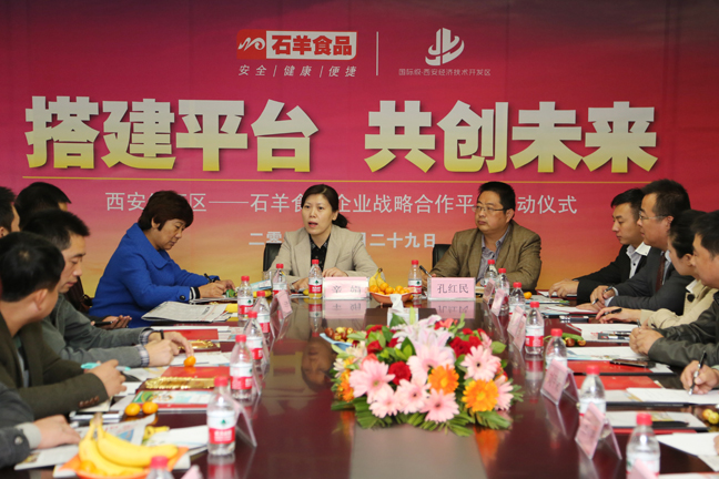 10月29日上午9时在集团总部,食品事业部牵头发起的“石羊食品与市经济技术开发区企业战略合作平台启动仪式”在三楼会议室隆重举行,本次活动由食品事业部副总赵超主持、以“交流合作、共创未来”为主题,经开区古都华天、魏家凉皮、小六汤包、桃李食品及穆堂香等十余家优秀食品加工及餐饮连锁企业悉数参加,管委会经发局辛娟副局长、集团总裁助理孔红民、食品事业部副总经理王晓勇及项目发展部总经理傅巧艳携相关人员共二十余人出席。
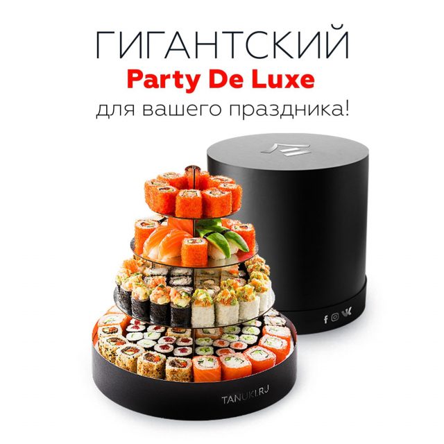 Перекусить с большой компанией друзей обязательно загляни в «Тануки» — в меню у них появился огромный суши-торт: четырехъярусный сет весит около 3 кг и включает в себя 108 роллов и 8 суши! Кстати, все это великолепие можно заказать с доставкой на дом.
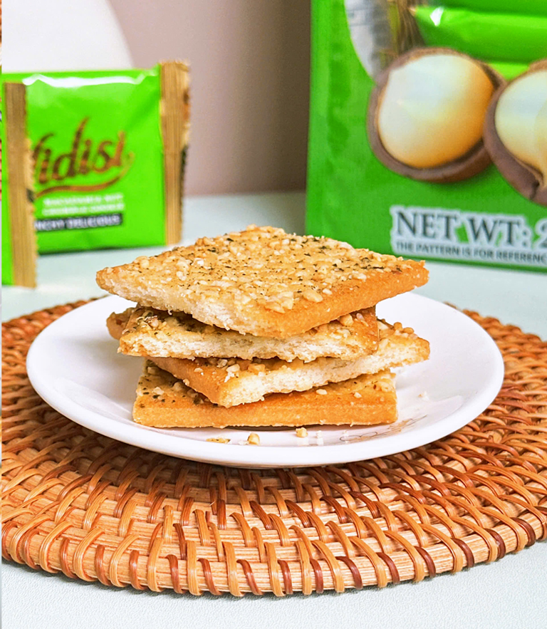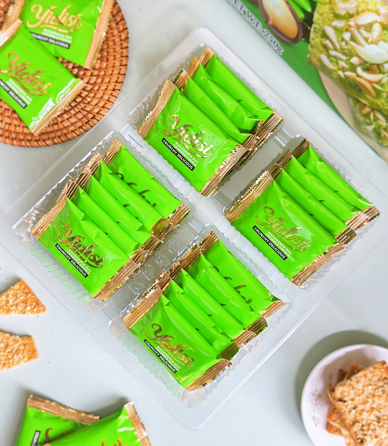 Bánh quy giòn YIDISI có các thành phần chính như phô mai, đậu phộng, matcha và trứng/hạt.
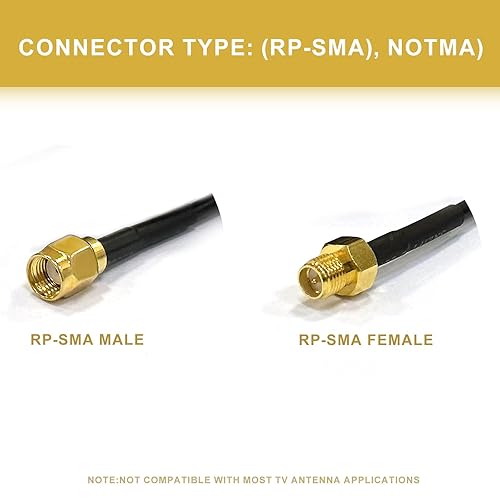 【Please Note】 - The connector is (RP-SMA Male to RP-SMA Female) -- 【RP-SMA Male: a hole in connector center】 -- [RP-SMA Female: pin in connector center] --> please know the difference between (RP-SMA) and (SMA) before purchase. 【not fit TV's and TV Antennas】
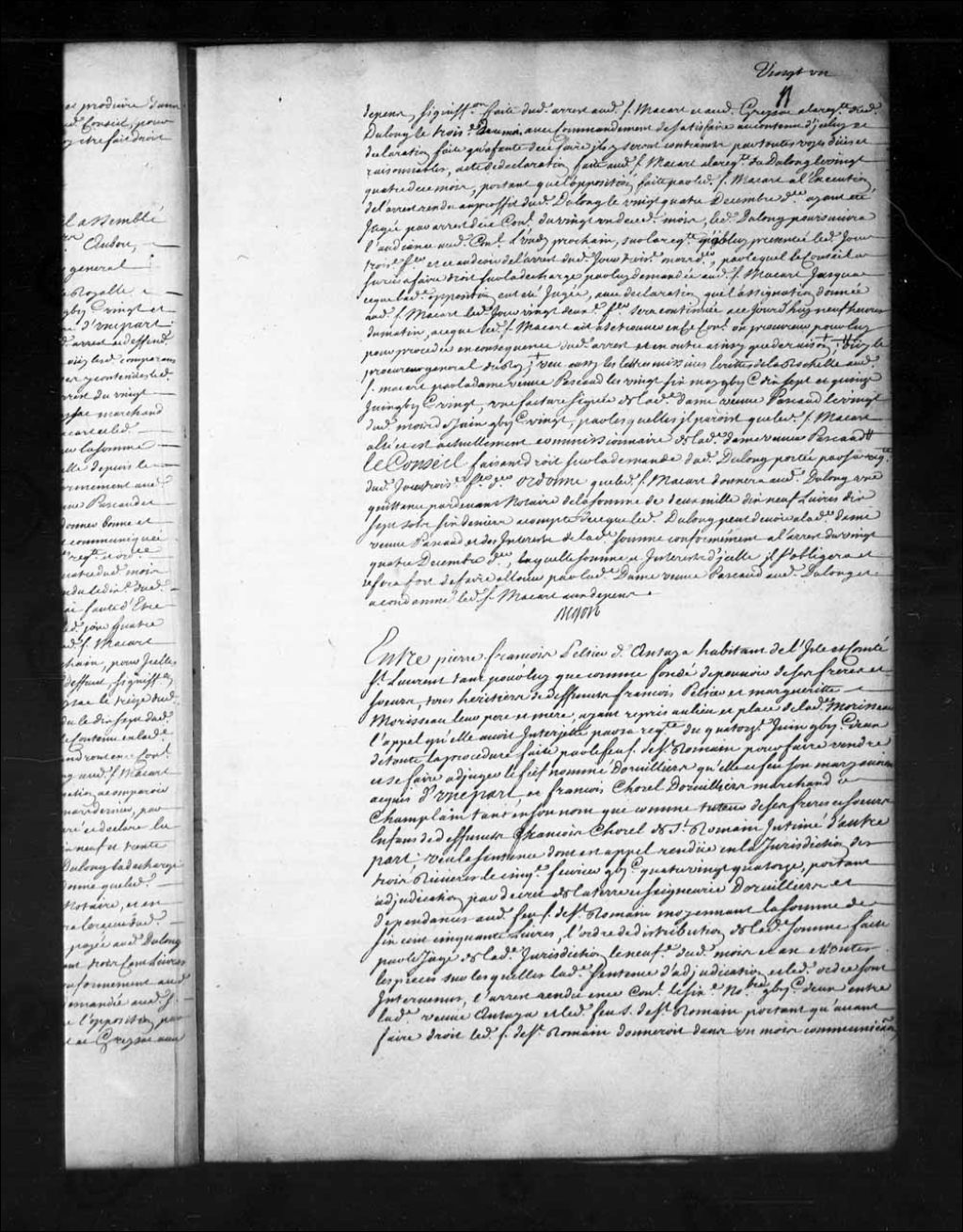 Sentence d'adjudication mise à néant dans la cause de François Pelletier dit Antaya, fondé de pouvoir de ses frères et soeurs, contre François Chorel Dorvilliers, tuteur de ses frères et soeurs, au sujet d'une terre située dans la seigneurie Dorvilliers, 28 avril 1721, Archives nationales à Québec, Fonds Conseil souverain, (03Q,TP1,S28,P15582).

WHAT THE TASK REQUIRES. Would you write out the material above in full, exactly as given, except for its pictures?

SOLUTION BELOW.
 10月29日上午9时在集团总部,食品事业部牵头发起的“石羊食品与市经济技术开发区企业战略合作平台启动仪式”在三楼会议室隆重举行,本次活动由食品事业部副总赵超主持、以“交流合作、共创未来”为主题,经开区古都华天、魏家凉皮、小六汤包、桃李食品及穆堂香等十余家优秀食品加工及餐饮连锁企业悉数参加,管委会经发局辛娟副局长、集团总裁助理孔红民、食品事业部副总经理王晓勇及项目发展部总经理傅巧艳携相关人员共二十余人出席。
 Перекусить с большой компанией друзей обязательно загляни в «Тануки» — в меню у них появился огромный суши-торт: четырехъярусный сет весит около 3 кг и включает в себя 108 роллов и 8 суши! Кстати, все это великолепие можно заказать с доставкой на дом.
 Bánh quy giòn YIDISI có các thành phần chính như phô mai, đậu phộng, matcha và trứng/hạt.
 【Please Note】 - The connector is (RP-SMA Male to RP-SMA Female) -- 【RP-SMA Male: a hole in connector center】 -- [RP-SMA Female: pin in connector center] --> please know the difference between (RP-SMA) and (SMA) before purchase. 【not fit TV's and TV Antennas】
 Sentence d'adjudication mise à néant dans la cause de François Pelletier dit Antaya, fondé de pouvoir de ses frères et soeurs, contre François Chorel Dorvilliers, tuteur de ses frères et soeurs, au sujet d'une terre située dans la seigneurie Dorvilliers, 28 avril 1721, Archives nationales à Québec, Fonds Conseil souverain, (03Q,TP1,S28,P15582).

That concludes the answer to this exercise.